Tool Mapping Reference: fetch_engagement_tactic, get_complete_tactic_profile, obtain_defensive_measures, obtain_detection_signatures, enumerate_tactics, service_diagnostics
Deployment Guide
Prerequisites
- Clone the source repository.
- Install dependencies:
pip install -r requirements.txt. - Configure the endpoint details within your chosen MCP client.
ATT&CK Framework Context
ATT&CK represents a rigorously vetted model describing adversary methods across the attack lifecycle, detailing techniques employed against various operational environments. It serves as a foundational component for contextualizing cyber security threats against specific technological estates or organizational postures.
Initial Setup Procedures
Method A: Direct Python Execution (Development/Testing)
-
Dependency installation (Virtual environment recommended): bash pip install -r requirements.txt
-
Ensure the
enterprise-attack.jsondata asset resides in the root directory. -
Start the service (defaulting to local stdio): bash python entrypoint.py
-
For network exposure: bash python entrypoint.py --transport http --listen-interface 127.0.0.1 --port 8081
Method B: Containerized Deployment (Production Recommended)
Docker
-
Build the image: bash docker build -t adversary-knowledge-service .
-
Execute the container: bash docker run -p 8081:8081 adversary-knowledge-service
Endpoint Specifications (HTTP Path Equivalents)

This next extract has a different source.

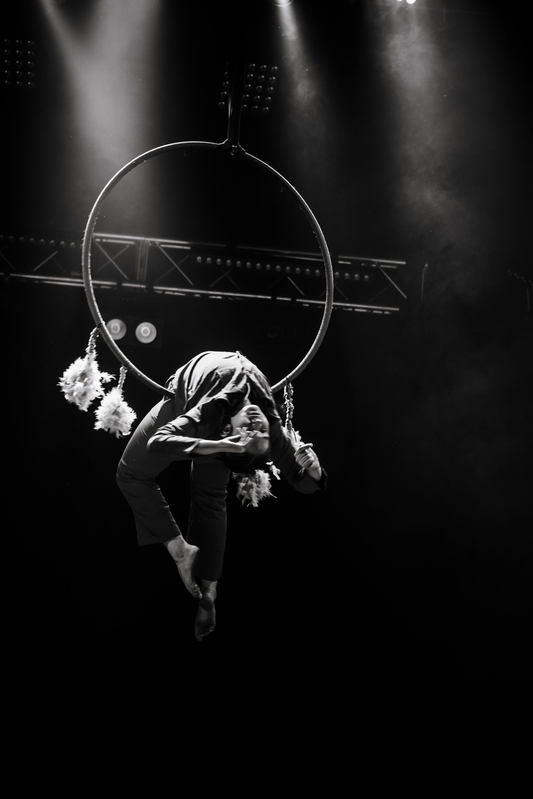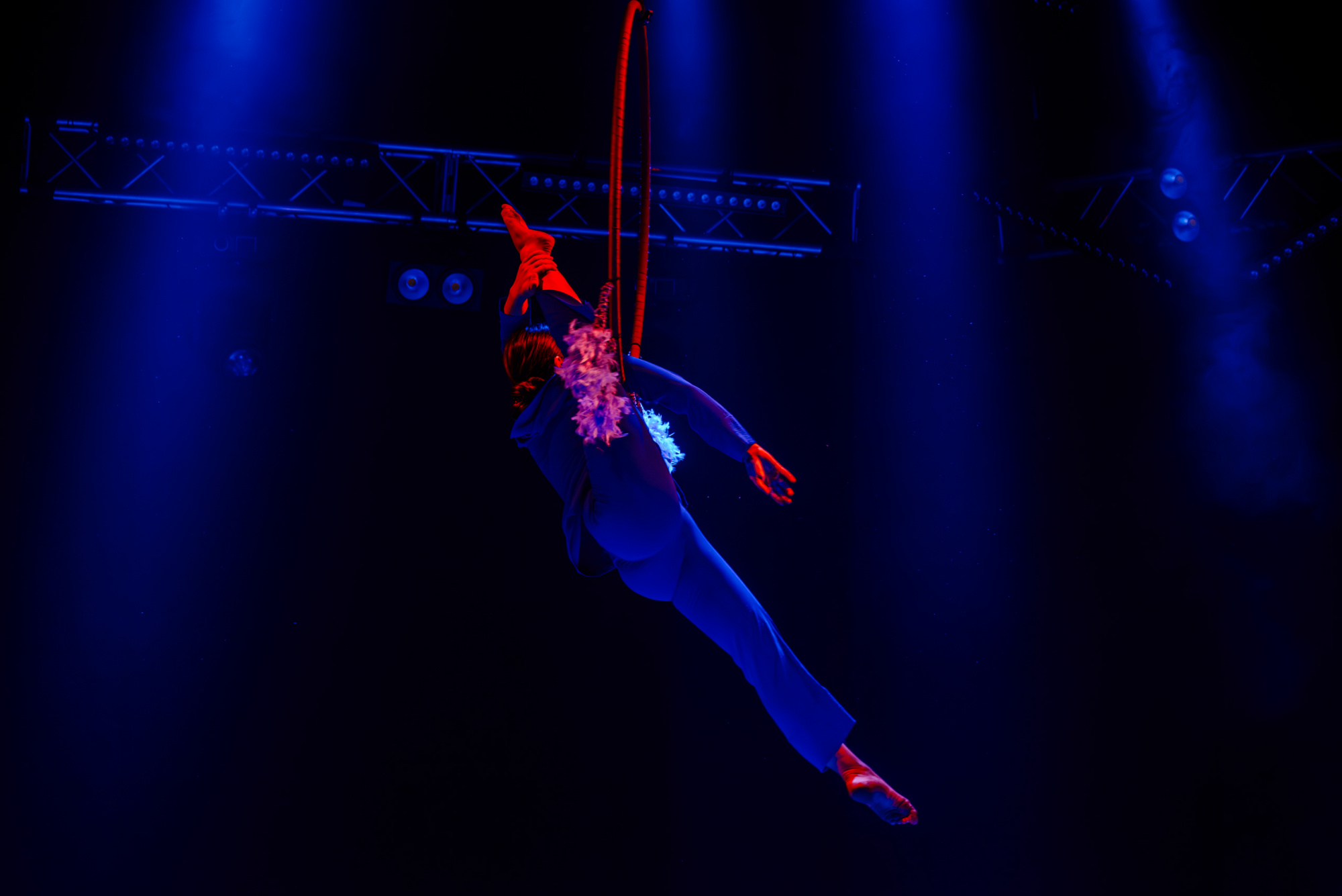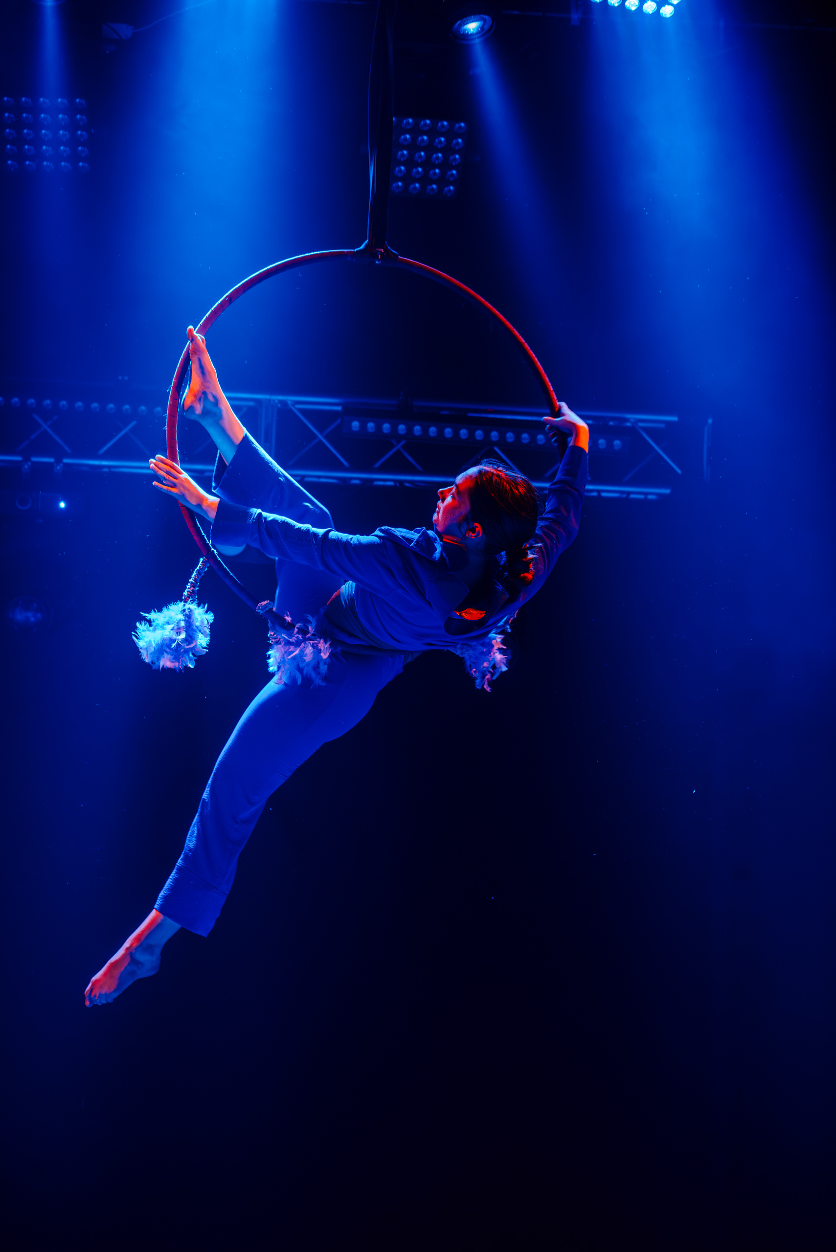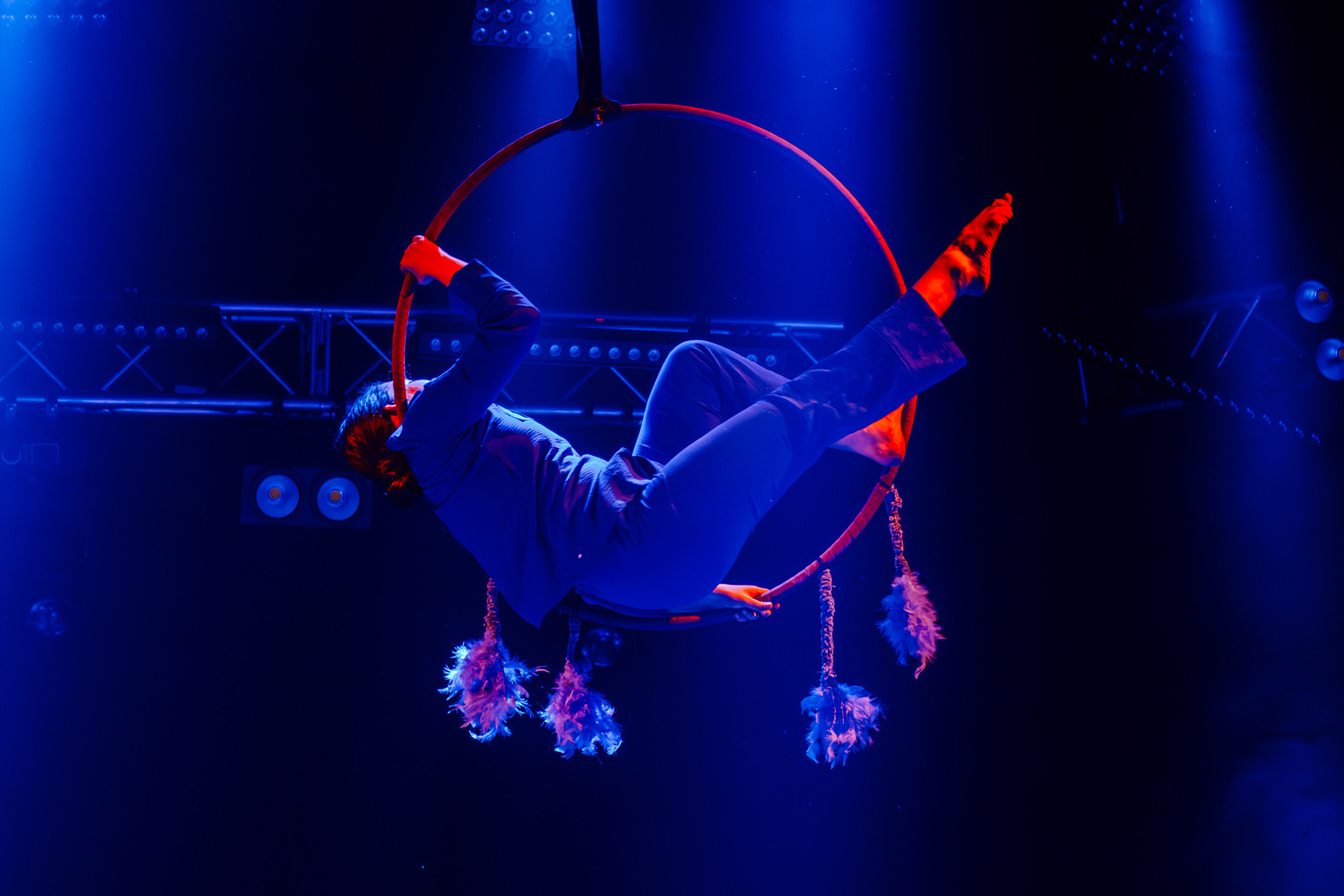 Апофеозом вечера стало выступление гимнастки Дарьи Юрко. Она взмыла в воздух и закружилась на обруче под потолком, выполняя невероятные трюки. В тот момент время будто остановилось. И только когда гимнастка плавно опустилась вниз – зритель смог выдохнуть.

- /fetch_engagement_tactic: Retrieves technique details (ID or name, fuzzy name search supported).
- /get_complete_tactic_profile: Retrieves the full, rich profile for a technique (ID or name; name search returns a list).
- /obtain_defensive_measures: Fetches mitigation data for a specified ID.
- /obtain_detection_signatures: Fetches detection artifacts for a specified ID.
- /enumerate_tactics: Lists all top-level ATT&CK groupings.
- /service_diagnostics: Reports service build, dataset version, and repository information.
Consult your MCP client documentation to map these function names and utilize the provided JSON payload structures for data retrieval.